▶ Data in this exercise
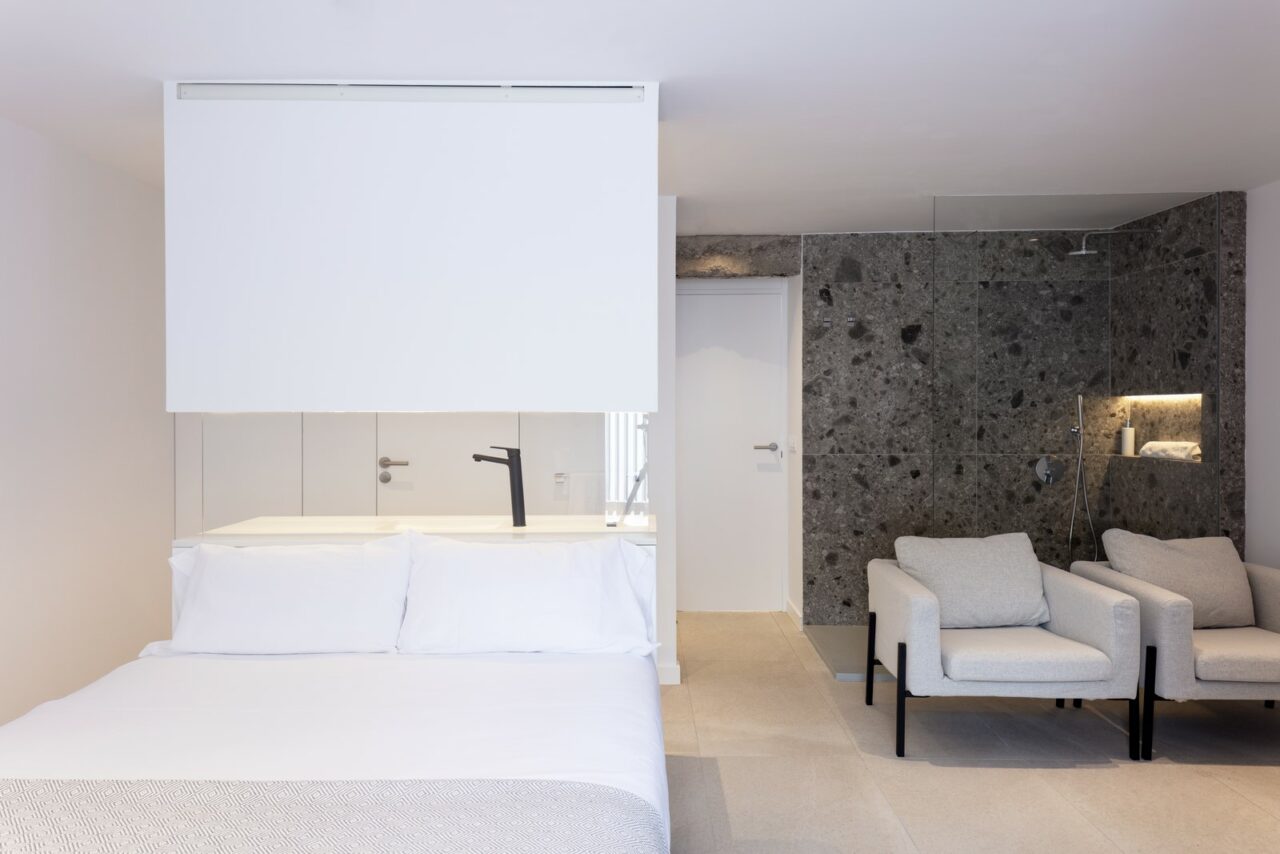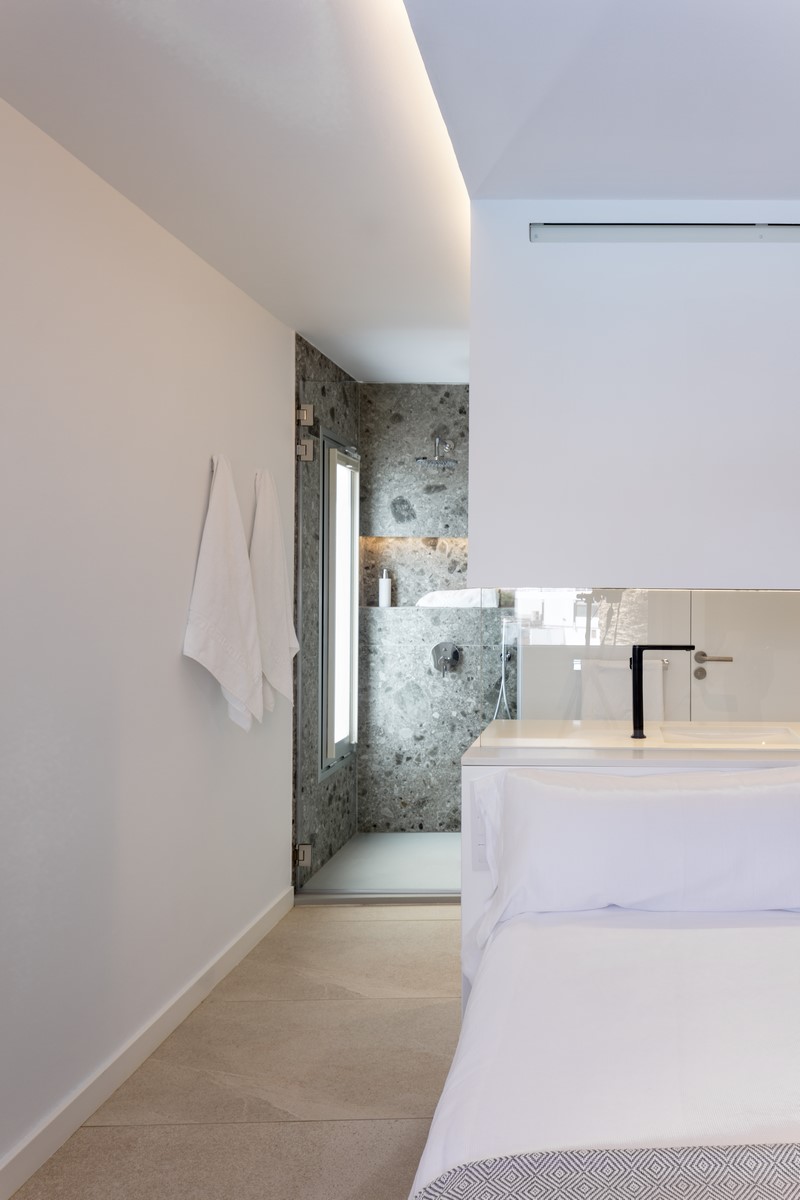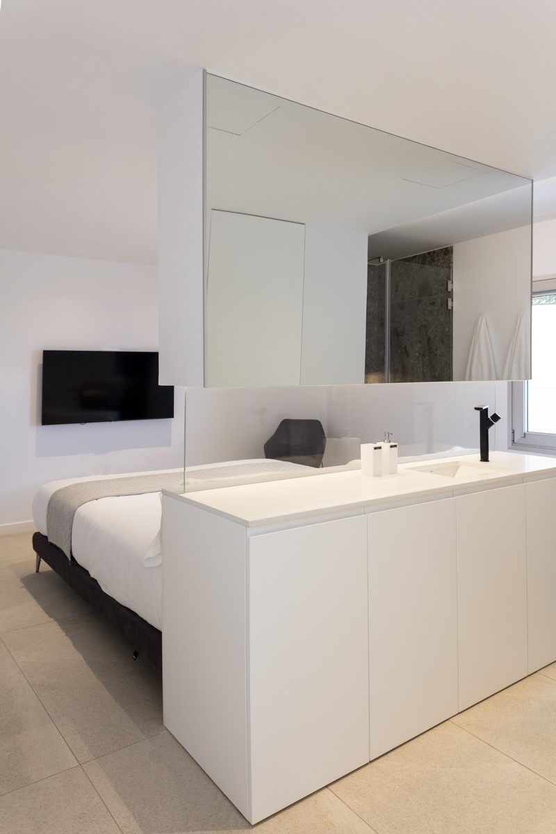 En la zona de noche de la vivienda se desarrolla una gran suite con vistas al mar y dos habitaciones relacionadas con el jardín y la piscina.
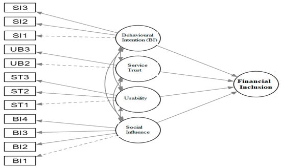 Table 4 provides the parameter estimations, including the four predictors (behavioral intention, service trust, usability, and social influence) and their impact on financial inclusion due to disruption created by the fintech companies over the last 10 years in particular. It was estimated and observed that service trust (0.3823) was the most prominent factor as it had a significant impact on financial inclusion. This means people do believe that fintech services are trustworthy and they can use them for their financial transactions. Social influence (0.2304) was the second most significant indicator of financial inclusion, although the value was not found to be significant. Behavioral intention of using fintech products was the third prominent reason, and the value was also found to be significant. Usability (0.0839) was also found to be most significant in having an impact on financial inclusion. Except for social influence, the threshold value of all the constructs was found significant.
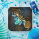 Steampunk firefly with blue transparent wings and green light bulb on worn, brown, textured background. Steampunk style.
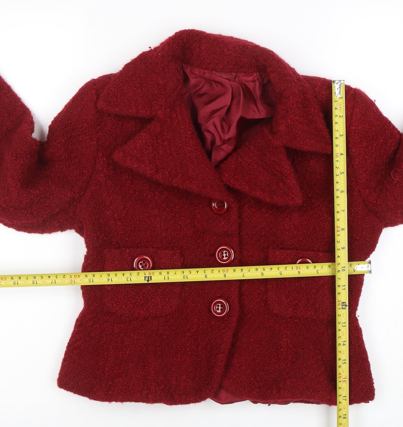 Women Red Wool Blazer Jacket Size 14 Classic Short Tweed
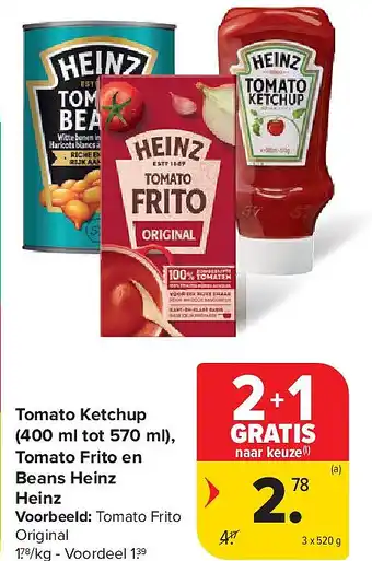Tomato Ketchup (400 ml tot 570 ml), Tomato Frito en Beans Heinz Heinz aanbieding bij Carrefour
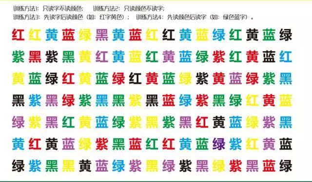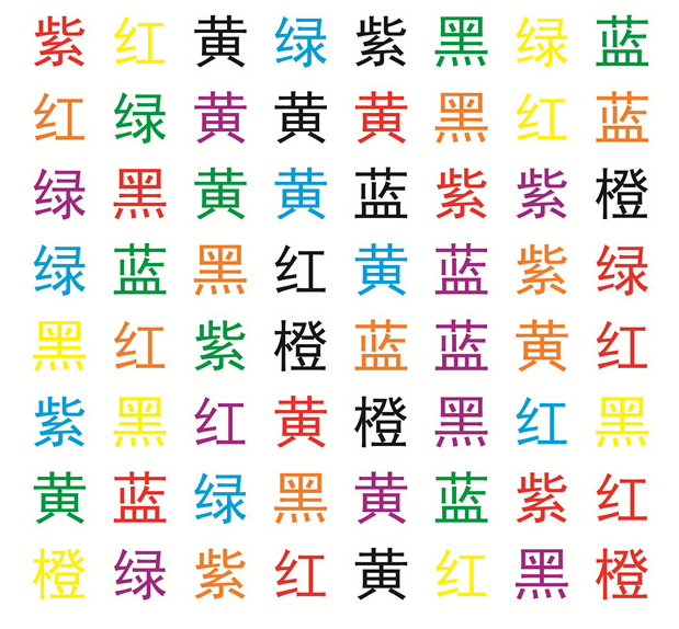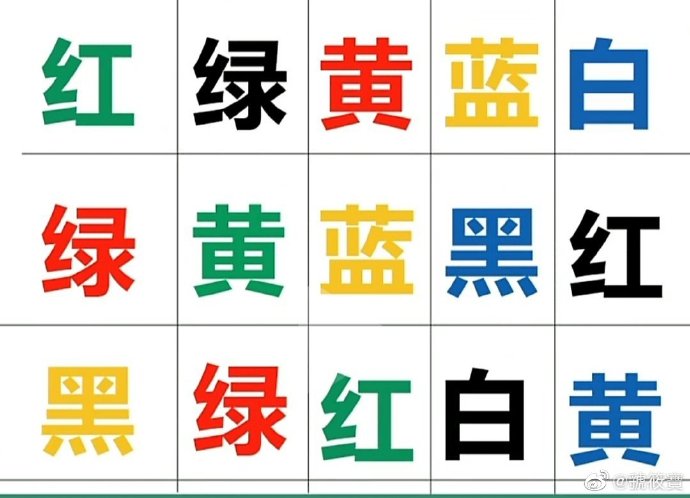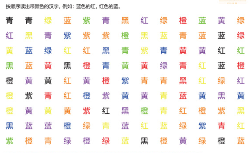 请挑战者依次读出下列各字的颜色,注意,是颜色,不是识字!

▶ About this exercise
Copy word for word the span of the records above that begins at the line with "Steampunk firefly with" and ends at the line with "Women Red Wool", including those two lines but not the pictures.

▶ Task output
 Steampunk firefly with blue transparent wings and green light bulb on worn, brown, textured background. Steampunk style.
 Women Red Wool Blazer Jacket Size 14 Classic Short Tweed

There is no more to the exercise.